§ **Problem statement**:
The whole listing below should be retyped exactly, without any images.

§ **Supplied information**:
########################################

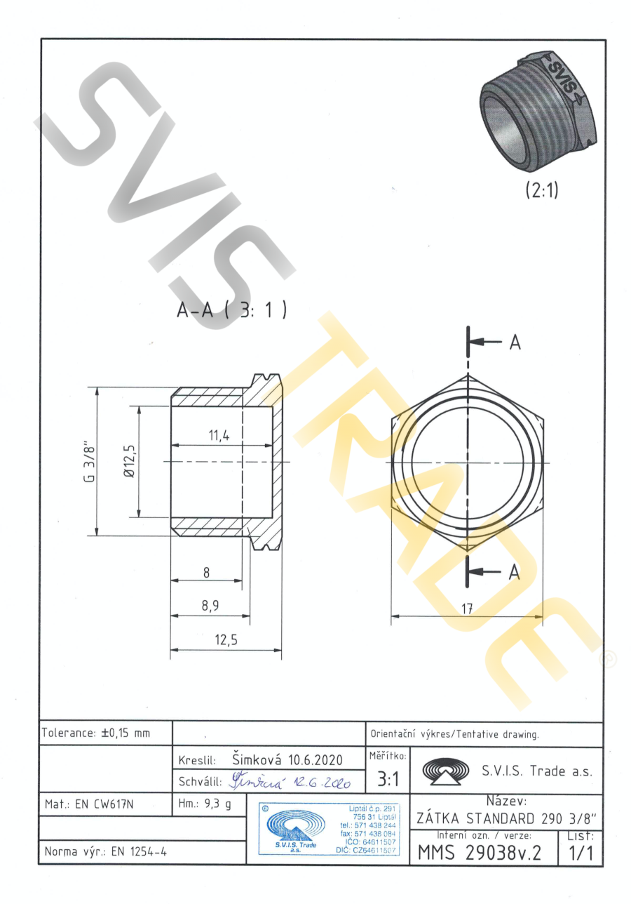 Navojni mesingani fiting, tip – Čep sa heksagonom sa cijevnim navojima vanjski, bez površinske obrade. Spojni navoj G paralelan je spajanju, ne brtvljenju, na navoje sukladno ISO 288-1. Proizvedeno prema normi EN 1254-4.
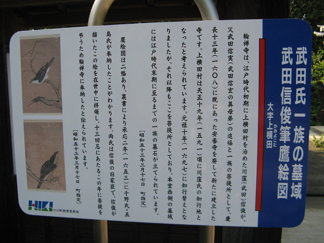 川窪氏館(埼玉県比企郡小川町) 竹沢氏館より国道254号線を東京方面にちょっと走らせて、川窪氏館へ。 一般的には「武田信俊館」と言われているようだが、ここに住んだ時点では「川窪」姓を名乗っているのでこれに従ってみる。 川窪氏の館があり、墓所があるのが現在の輪禅寺である。 丁度寺が西から伸びる尾根上にある。 輪禅寺の山門前より東を見る。 特に意味はないが、国道254号に近いながらも随分とのどかなので、和んだ。 さて、肝心の館跡へ。 新しく山門脇に作られた解説板は「武田氏」を強調しているようにも。 確かに「川窪氏」じゃ「誰?」って言われてしまうのもオチだし・・・。 写真の鷹の絵、細かいところまでよく書けていて川窪信俊の絵の才能を垣間見る良い機会だった。 (それまで絵を描いている事すら知らなかった・・・) 墓地の中央には川窪氏の墓所となっており、格式の高い宝篋印塔が建てられている。 笠などに欠損なくしっかりと保存されているのは輪禅寺の歴代住職様に守られていたからであろう。 っと見たいのはあくまで遺構なので、この辺りで遺構を探しに行く事に。 っと本堂の後ろ(北)にいきなり土塁のような高まりを発見。 更に別角度で見ると・・・ 虎口? 見えなくもないが・・・ちっと微妙な感じがしていたりする。 実は後で尾根を断ち切るように堀があるか確認するの忘れてしまった。 また機会を見てお墓の西側を調べさせてもらいたいものだ。 [0回]PR
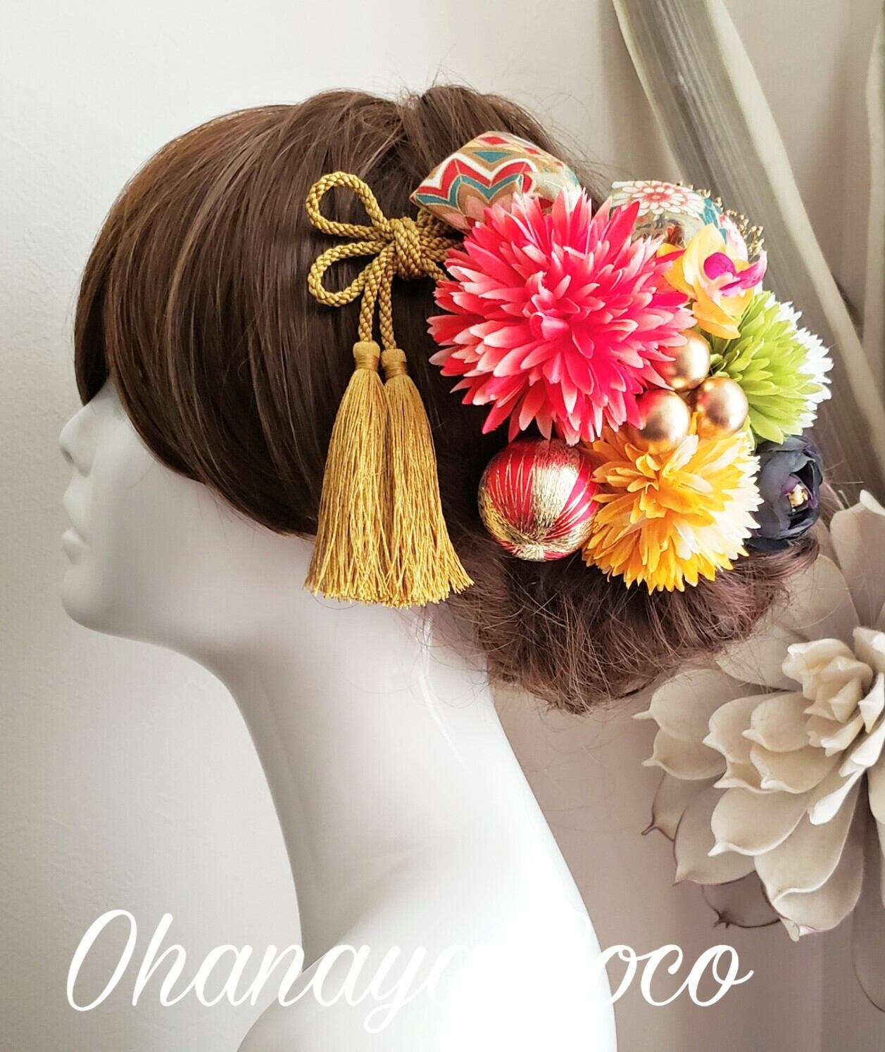 花姫 ponponマムと銀杏形リボンの髪飾り13点Setです。

########################################

§ **Output**:
 Navojni mesingani fiting, tip – Čep sa heksagonom sa cijevnim navojima vanjski, bez površinske obrade. Spojni navoj G paralelan je spajanju, ne brtvljenju, na navoje sukladno ISO 288-1. Proizvedeno prema normi EN 1254-4.
 川窪氏館(埼玉県比企郡小川町) 竹沢氏館より国道254号線を東京方面にちょっと走らせて、川窪氏館へ。 一般的には「武田信俊館」と言われているようだが、ここに住んだ時点では「川窪」姓を名乗っているのでこれに従ってみる。 川窪氏の館があり、墓所があるのが現在の輪禅寺である。 丁度寺が西から伸びる尾根上にある。 輪禅寺の山門前より東を見る。 特に意味はないが、国道254号に近いながらも随分とのどかなので、和んだ。 さて、肝心の館跡へ。 新しく山門脇に作られた解説板は「武田氏」を強調しているようにも。 確かに「川窪氏」じゃ「誰?」って言われてしまうのもオチだし・・・。 写真の鷹の絵、細かいところまでよく書けていて川窪信俊の絵の才能を垣間見る良い機会だった。 (それまで絵を描いている事すら知らなかった・・・) 墓地の中央には川窪氏の墓所となっており、格式の高い宝篋印塔が建てられている。 笠などに欠損なくしっかりと保存されているのは輪禅寺の歴代住職様に守られていたからであろう。 っと見たいのはあくまで遺構なので、この辺りで遺構を探しに行く事に。 っと本堂の後ろ(北)にいきなり土塁のような高まりを発見。 更に別角度で見ると・・・ 虎口? 見えなくもないが・・・ちっと微妙な感じがしていたりする。 実は後で尾根を断ち切るように堀があるか確認するの忘れてしまった。 また機会を見てお墓の西側を調べさせてもらいたいものだ。 [0回]PR
 花姫 ponponマムと銀杏形リボンの髪飾り13点Setです。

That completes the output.